Nous vivons depuis plus d’une décennie une explosion de la data, celle-ci étant de plus en plus fournie et de plus en plus accessible. Nous voyons ainsi proliférer les portails web qui collectionnent les jeux de données gratuites ou payantes, sans forcément de but précis.
La promesse était immense dans tous les domaines et donc, bien entendu, pour l’aménagement du territoire. Cela devait nous permettre collectivement de préciser et d’affiner les diagnostics territoriaux. Mieux comprendre les territoires devait assurer notre capacité à mieux anticiper et construire des projets de territoire plus contextualisés. Et pourtant, il n’en est rien. J’ai même l’impression que cette profusion de data a annihilé notre créativité collective, nous a mis des freins pour penser le long terme, avec la peur viscérale de l’erreur et de la justification au moment d’un bilan chiffré.
Alors que nous pouvions penser « sans doute trop naïvement » que la data nous permettrait de mieux cerner la « maladie » d’un territoire telle une science, celle-ci nous a enfermés dans une comptabilité de l’aménagement à travers des objectifs chiffrés (réduction de 50 % de l’artificialisation, 25 % de logements sociaux, 6 à 8 % de vacance…), qui ont bien souvent plus de poids que le projet lui-même. En précisant à outrance nos analyses thématiques et sectorielles nous avons, me semble-t-il, perdu, d’une part, de la transversalité et, d’autre part, le sensible de ce qu’est le territoire, alors que les nouveaux outils devaient nous permettre de croiser des données et de construire des analyses complexes.
Et que dire de la représentation, du rendu cartographique, qui a perdu en profondeur et en justesse. Les projets géomatiques sont lourds, ils permettent des traitements complexes, mais le rendu cartographique est trop souvent un oublié. Une carte doit dire quelque chose. Elle porte un message. Ce dernier doit être clair, lisible. Les cartes ont le pouvoir de mettre en perspective de montrer les lignes de force, mais elles sont trop rarement à la hauteur.

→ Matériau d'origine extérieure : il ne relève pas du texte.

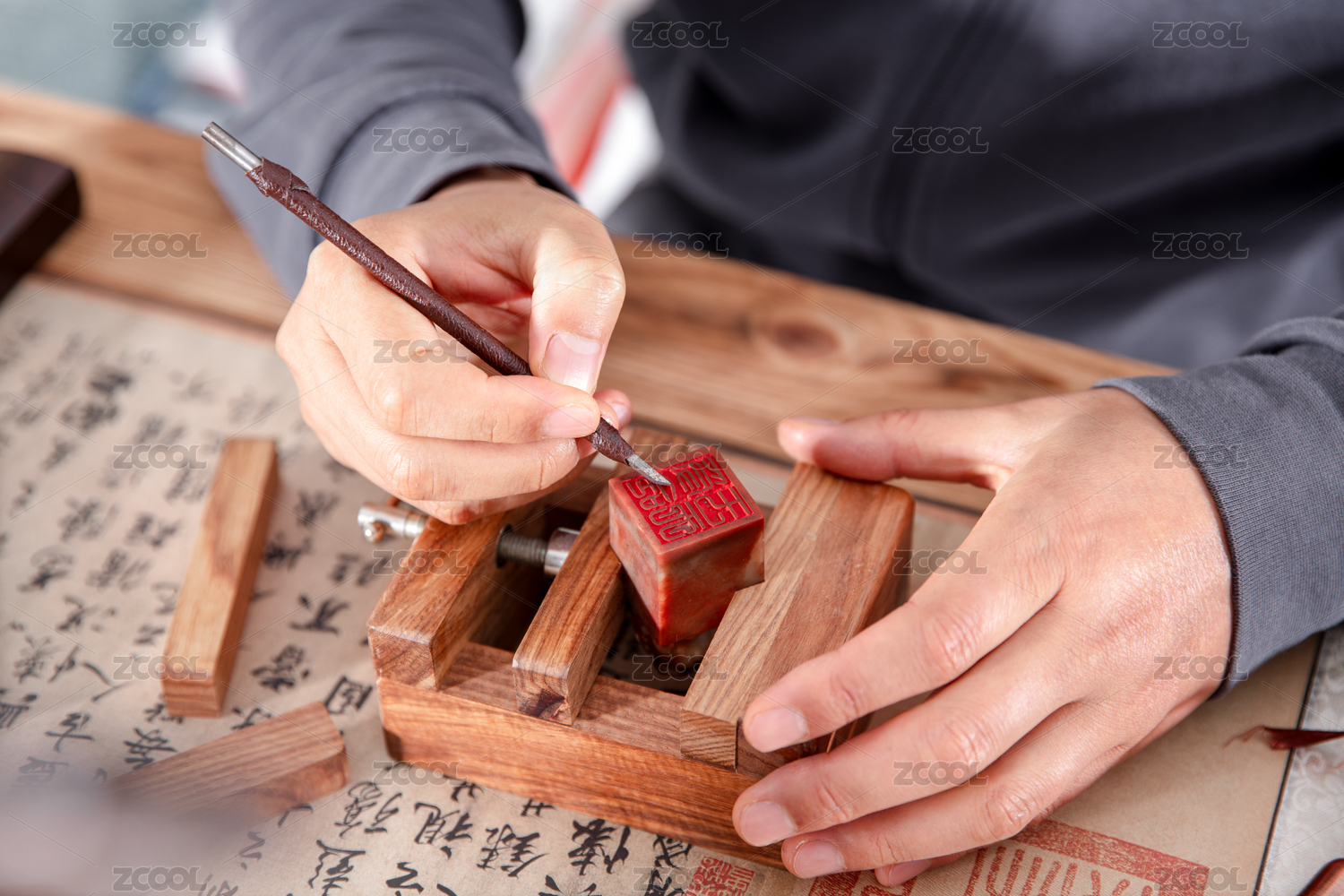 桌面上的毛笔宣纸砚台印章等文房四宝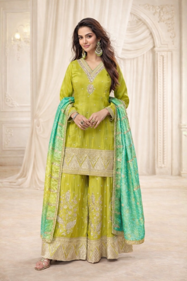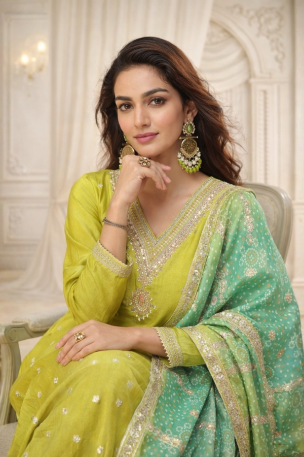 Green zari sequin embroidered sharara suit with bandhani dupatta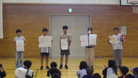 さて、本日朝に、前期終業式&後期始業式を行いました。まずはじめに、先日行われた親善陸上大会の入賞者に賞状の伝達を行い、その後、1,3,5年の各代表児童から、前期の振り返りと後期の目標やめあてについて発表してもらいました。3名とも、自分自身のこれまでを真摯に振り返り、自分がさらに成長するために何をすべきかについて、よく考えて具体的に発表していました。この3名の代表児童のように、新たに再設定した目標やめあての実現に向けて、みんなから地道に努力を続けてほしいと願っています。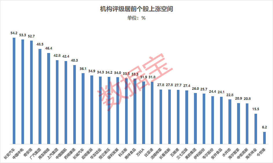 数据宝统计显示,在获15家以上机构“买入”评级的30只个股中,28股机构预测上涨空间逾20%。长安汽车、中国中免、奇安信上涨空间居前,分别为54.2%、53.3%和52.7%;受广州国际车展利好影响,其后广汽集团、上汽集团、长城汽车上涨空间均在35%以上。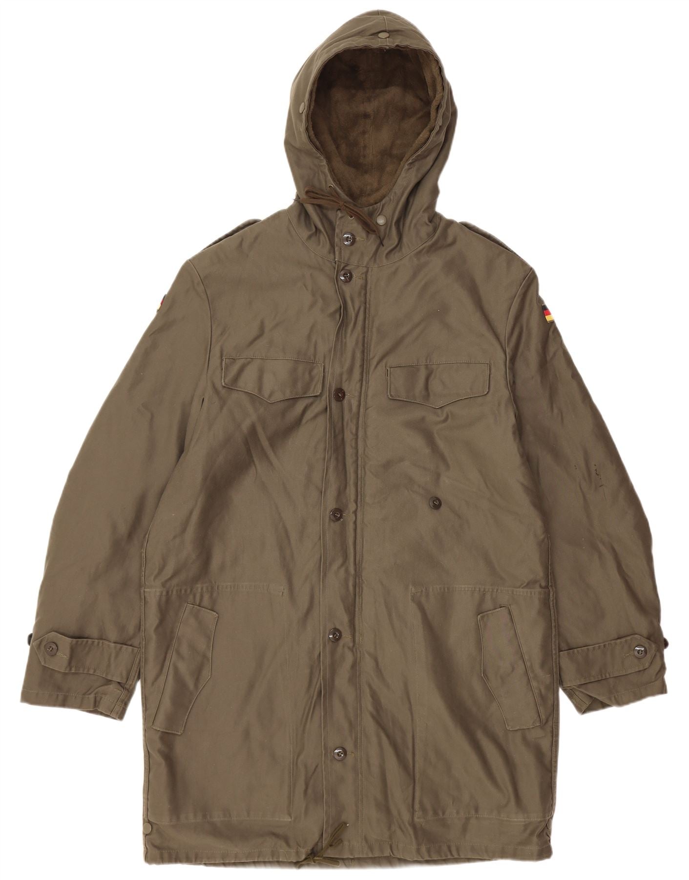 Giacca parka militare con cappuccio vintage da uomo UK 38 medio cachi
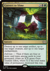 Delirium — Then if there are four or more card types among cards in your graveyard, create an X/X green Ooze creature token, where X is the total mana value of permanents destroyed this way.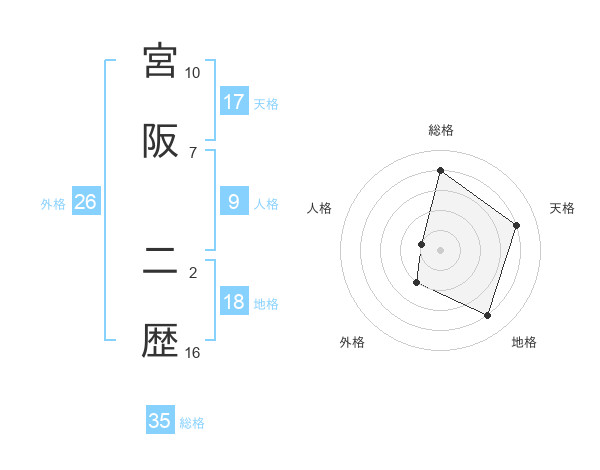 宮阪 二歴さんの総格は35画の4点!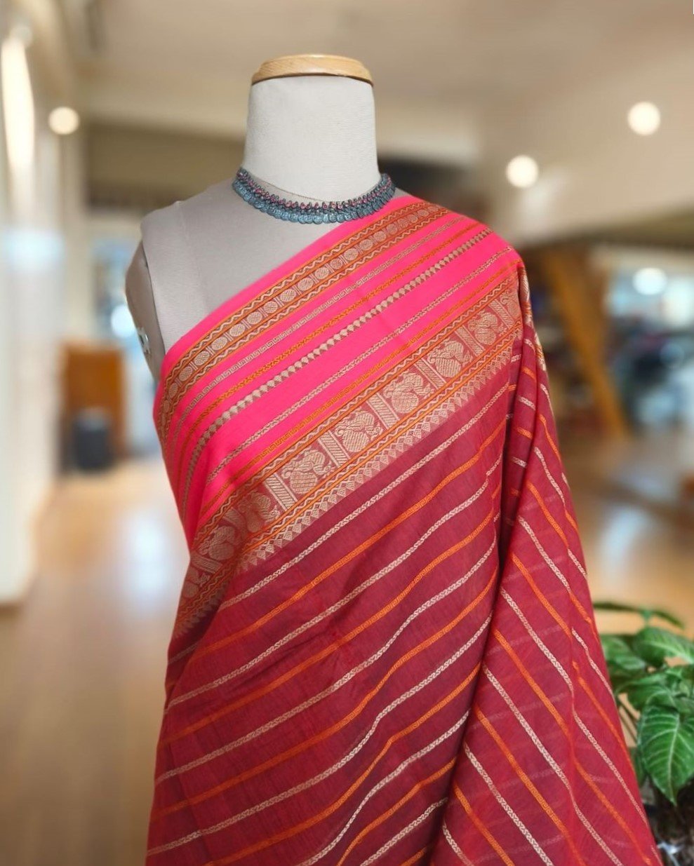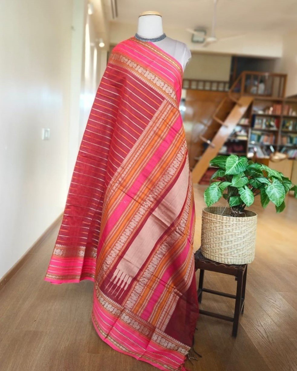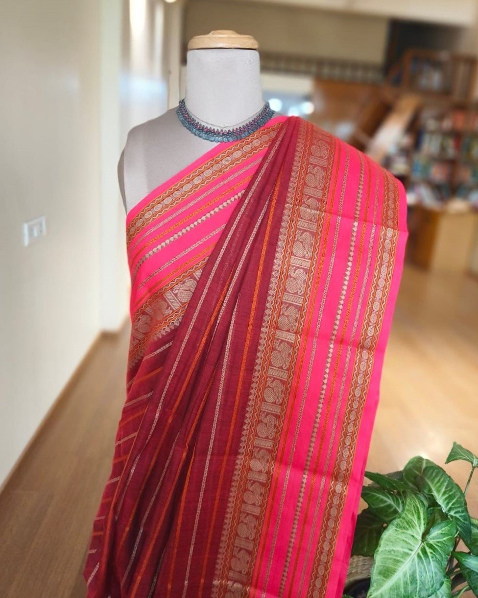 Kanchi Cotton Stripe Design – Maroon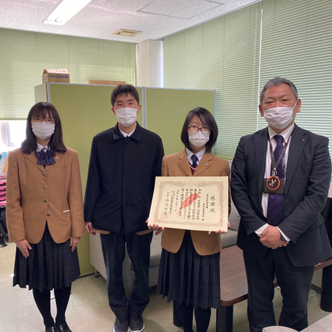 昨年11月11日(金)に本校で実施した赤い羽根共同募金活動に対して、愛...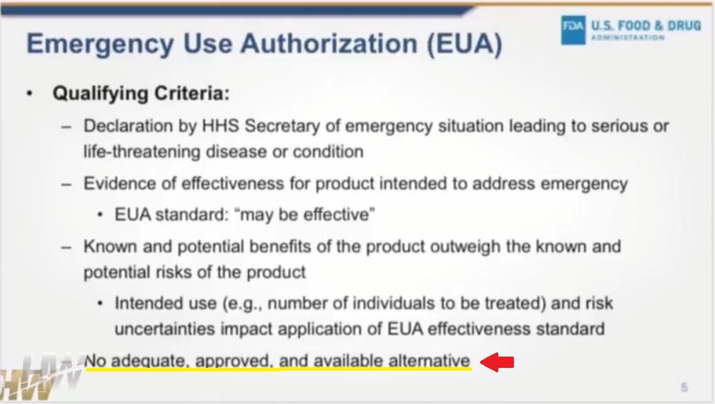 According to the “Qualifying Criteria” that allows the FDA to issue an EUA, there must be “No adequate, approved, and available alternative.”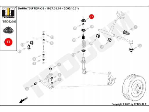 PODUSZKA KOLUMNY MC PHERSONA PRZÓD L/P PASUJE DO: DAIHATSU TERIOS 1.3 10.97-10.06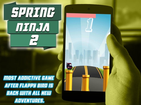 休闲小游戏《忍者弹弹弹2SpringNinja2》,游戏主角是一名有着啤酒肚的忍者,玩家长按屏幕,控制忍者脚下弹簧的松紧度,然后把忍者被弹飞到前面的悬崖上。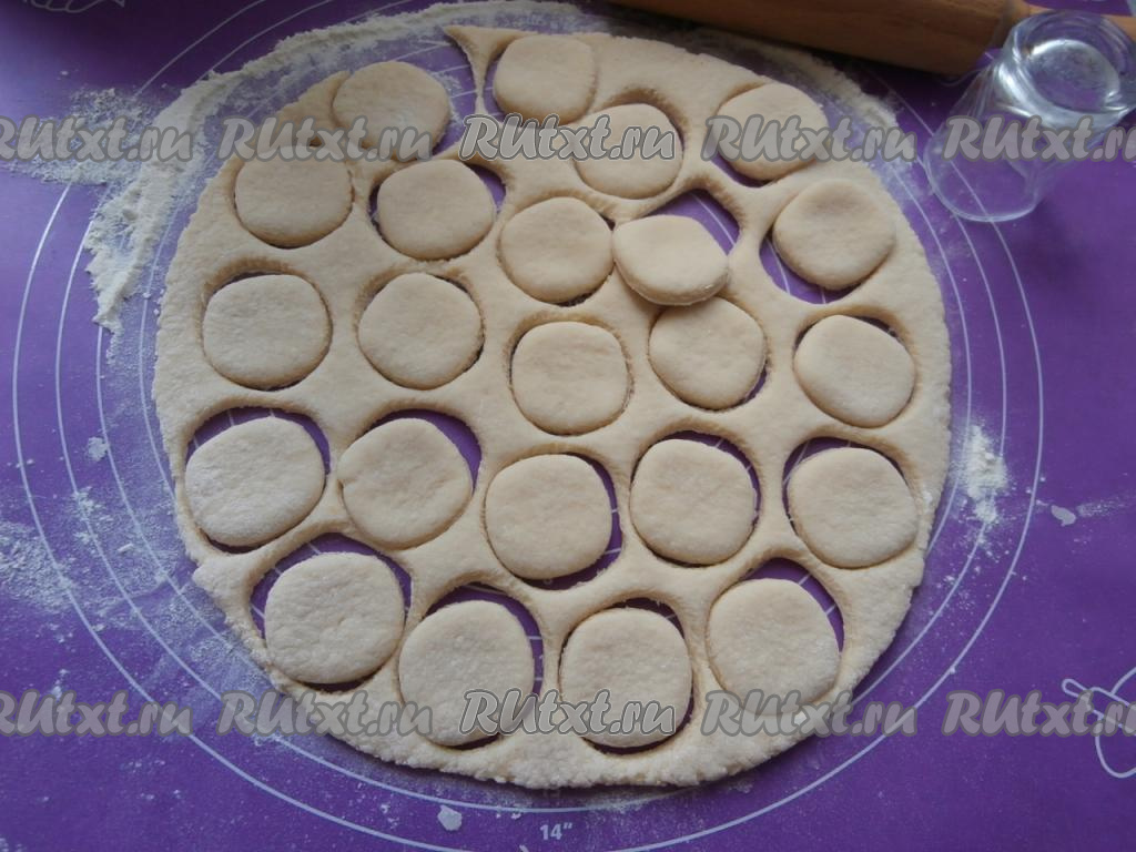Замешанное тесто для пончиков раскатать в лепёшку толщиной около 0,5 сантиметра.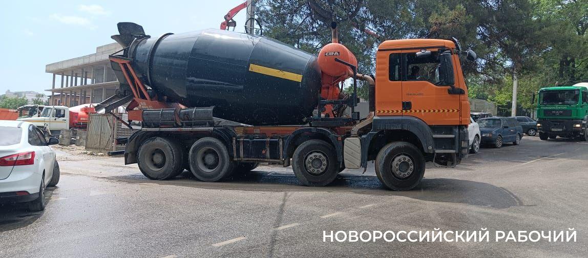 В центре Новороссийска бетоновозы парализовали движение и растащили грязь по дороге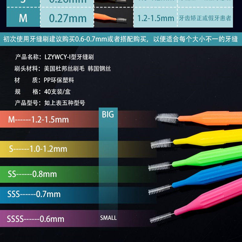 ASM牙缝刷40支不锈钢丝进口正畸专用牙间隙超细护理工具家庭装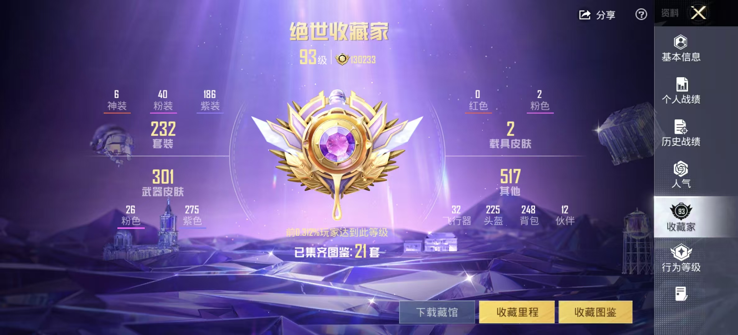 适配系统:安卓 红装数量:6 账号类型(腾讯):微信 分销起租时长:1 载具皮肤:2 粉色时装数:40 套装数量:234 特效枪数量:26 枪皮数量:304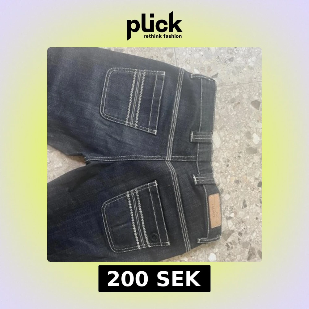 Snygga mörkblå jeans från Lacoste med vita sömmar. Midjemått: 37cm rakt över, Innerbenslängd: 79cm, Grenmått: 20cm🫶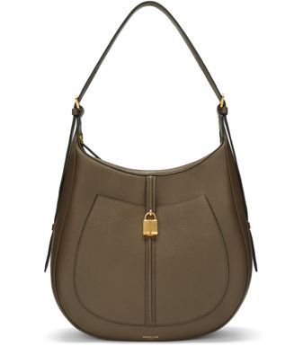 • Description : Hobo bag, shoulder bag, grained leather, single handle, adjustable strap, gold clasp, front logo, gold finish.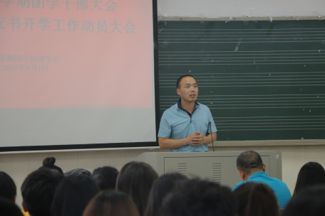 谭顺来书记介绍学院领导班子的调整和分工情况,重点介绍了学院有关硕士点申报、本科审核评估、教师资格证考试这“三大攻坚战”的开展情况,他希望全体学生干部继续保持开拓进取、团结奋进的优良传统,在工作中敢于担当、乐于奉献,在“三大攻坚战”中严格要求自己,做好学生的表率。
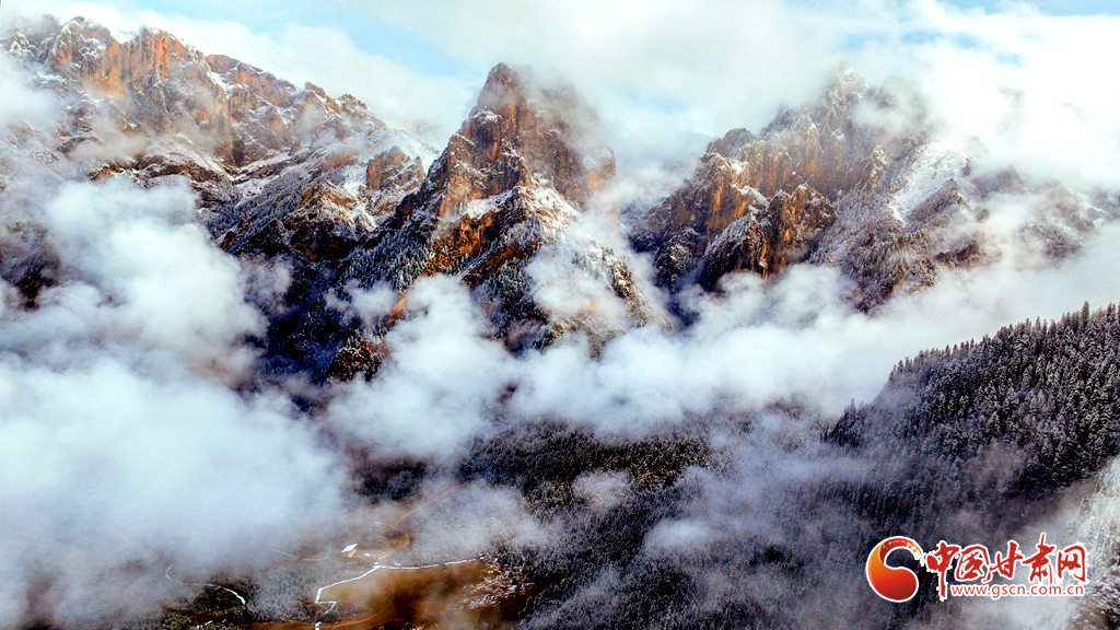 11月9日,雪后的甘南州迭部縣扎尕那景區(qū)銀裝素裹,云霧繚繞。巍峨山峰覆上新雪,古樸藏寨靜臥于皚皚雪野之間,嶙峋石林與繚繞云霧相映成趣,勾勒出一幅靜謐壯麗的高原冬日畫卷。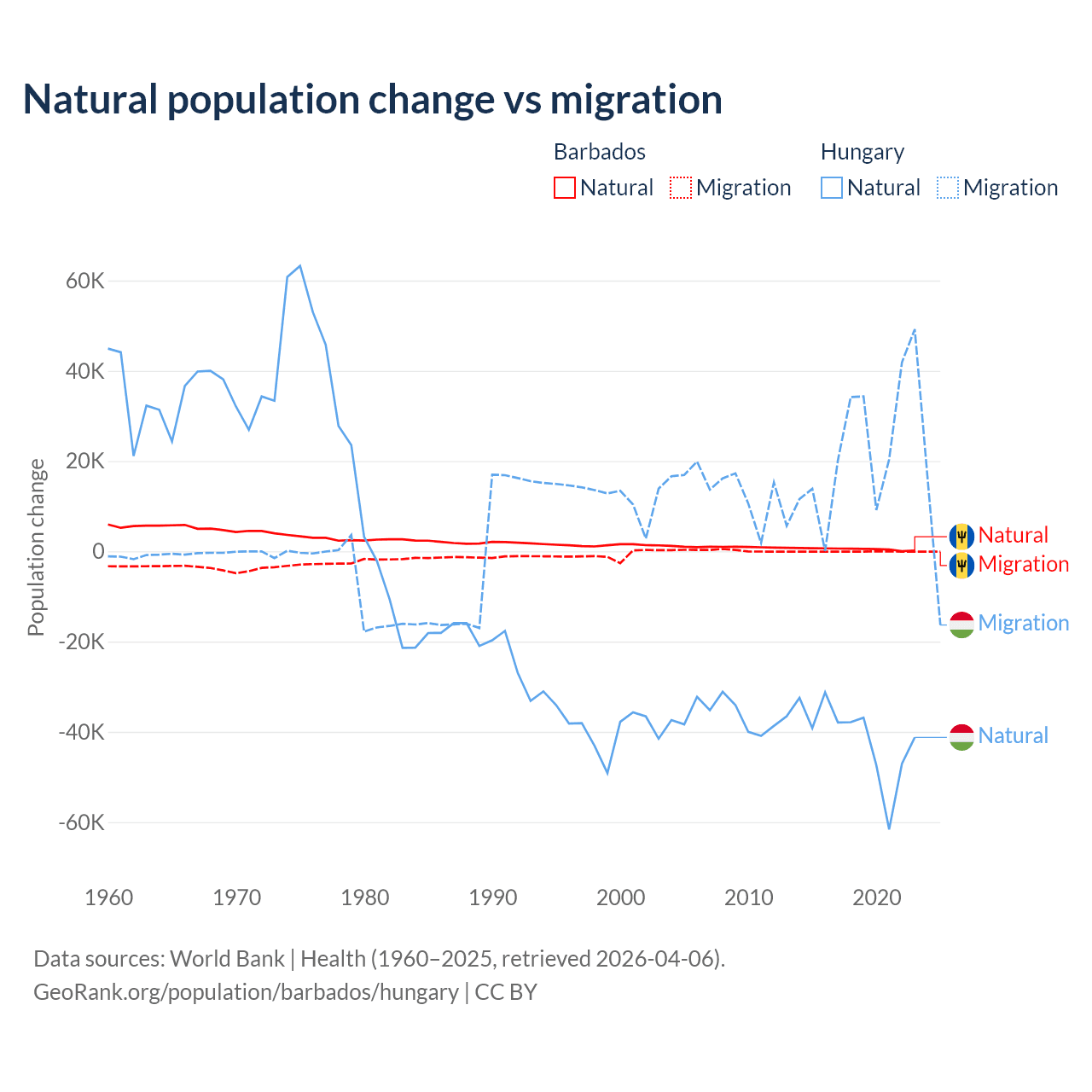 Population differences between Barbados and Hungary

Je ne suis pas assez vieux pour être nostalgique, mais à l’heure de l’avènement de ChatGPT et de l’intelligence artificielle, notre plus-value en tant qu’urbanistes, accompagnés de géomaticiens, sera notre capacité à mettre en relief, à identifier et transcrire le sensible, à nous projeter non pas seulement avec des objectifs chiffrés, mais en nous arrimant au contexte, au socle géographique.
À l’heure du dérèglement climatique qui imposera des adaptations majeures pour les territoires et qui nécessitera de construire une vision décloisonnée, claire et accessible au plus grand nombre (société civile au sens large), la représentation cartographique est un outil précieux. Réinventons-la pour qu’elle joue pleinement sa partition.